# Sequentialism in Hebrew derivation?



## Michael Zwingli

Did ancient Hebrew, or does Modern Hebrew, employ serial/sequential suffixation in word derivation? If yes, may I see some examples thereof? Thanks much.


----------



## Drink

Do you mean can a word have multiple suffixes? Or do you mean can a word have an unbounded number of suffixes? What exactly do you mean?


----------



## Michael Zwingli

Drink said:


> Do you mean can a word have multiple suffixes?


Yes, @Drink, that is precisely what I mean. Not necessarily an "unbounded number", but two or three, for instance... Hebrew uses suffixation to show number, case, tense, possession, and other grammatical things.

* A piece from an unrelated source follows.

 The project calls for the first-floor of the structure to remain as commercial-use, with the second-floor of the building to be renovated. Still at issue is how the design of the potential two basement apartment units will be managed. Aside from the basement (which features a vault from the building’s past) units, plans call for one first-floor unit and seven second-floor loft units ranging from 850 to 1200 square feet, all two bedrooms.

Are these suffixes ever used together in sequence, as in the English word _sequentially_, which is _sequence_ with the suffixes _-al_ + _-ly_.


----------



## Drink

Here's a rather extreme example:
- משמע (borrowed from Talmudic Aramaic) = "means, implies"
- משמעות (suffix ות) = "meaning" (as a noun)
- משמעותי (suffix י) = "meaningful"
- משמעותיות (suffix ות, _again_) = "meaningfulness"
- משמעותיותו (suffix ו) = "its/his meaningfulness"

Here's a more typical example:
- צוואר = "neck"
- צווארון (suffix ון) = "collar"
- צווארונים (suffix ים) = "collars"
- צווארוניהם (suffix הם) = "their collars"


----------



## Michael Zwingli

Thanks much, @Drink. A couple more questions, if I may. I assume that the suffix showing possession is generally the final suffixation of a word? Is it ever the case that a suffix _replaces_ rather than _follows_ another in Hebrew word derivation?


----------



## Drink

Yes, the possessive suffixes cannot be followed by any other as far as I know.

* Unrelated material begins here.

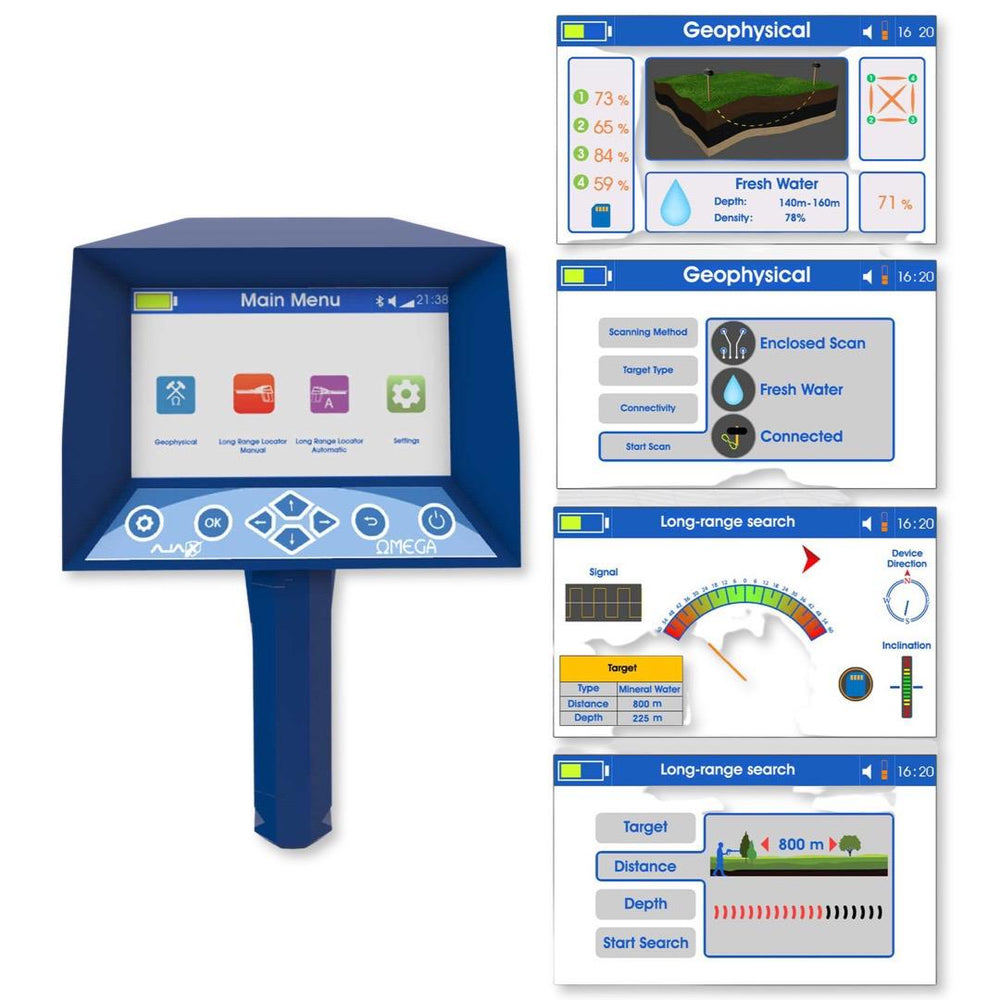 El dispositivo detector AJAX OMEGA está equipado con niveles avanzados de tecnologías para detectar y localizar ubicaciones de agua subterránea con gran precisión. Este dispositivo tiene funciones de alta capacidad que permiten al usuario completar el proceso de exploración de agua en menos tiempo y esfuerzo.

As for replacement: this happens with pluralization of nouns with a feminine marker suffix (regardless of whether it takes the masculine-form plural suffix or the feminine-form plural suffix). For example:
- שנה šana > שנים šanim
- שפה safa > שפות safot
- כתובת ktovet > כתובות ktovot
- רכבת rakevet > רכבות rakavot

But this does not happen with the dual suffix:
- שפה safa > שפתיים sfatayim (note that the feminine marker -a alway becomes -at or -t before a suffix)

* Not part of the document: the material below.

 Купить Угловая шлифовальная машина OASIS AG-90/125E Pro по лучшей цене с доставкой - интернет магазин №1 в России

I'm not including in this phenomenon cases where two suffixes meld together into a special form, because that is fundamentally a different phenomenon from replacement.


----------



## Michael Zwingli

Thanks very much, Drink! You have been remarkably helpful. I wonder what you think might have been the purpose of dual forms such as you mentioned. Ancient Greek had them, as well, and I could never understand what purpose they might have served (but never thought the matter important enough to ask). I mean: plural is plural, no?


----------



## Drink

If you think about it, there is no "purpose" to plural forms either. You could just as well say "one apple", "two apple", "three apple", "many apple". But language doesn't always develop for a "purpose", it most often just develops by accident.

But do note that in Hebrew, the dual is used differently from the plural in that you don't say "two" together with the dual, but just use the dual by itself since the number is already known.


----------



## Michael Zwingli

Say, @Drink, I have discerned one more question pertaining to this. How would one formulate the meaning "his female horse" in the hypothetical sentence "The stallion is mine, but this is his mare (female horse)"? Of course: סוּס (_sus_ = "horse"), and וֹ‎- (_cholam male_ = "his") and ה‎ ָָ- (_kamatz_ and _he_ = feminizing suffix), but in what combination should they appear in the final word?


----------



## Drink

As I mentioned above, the -a suffix becomes -at before another suffix.

So "my female horse" is סוסתי susati.


----------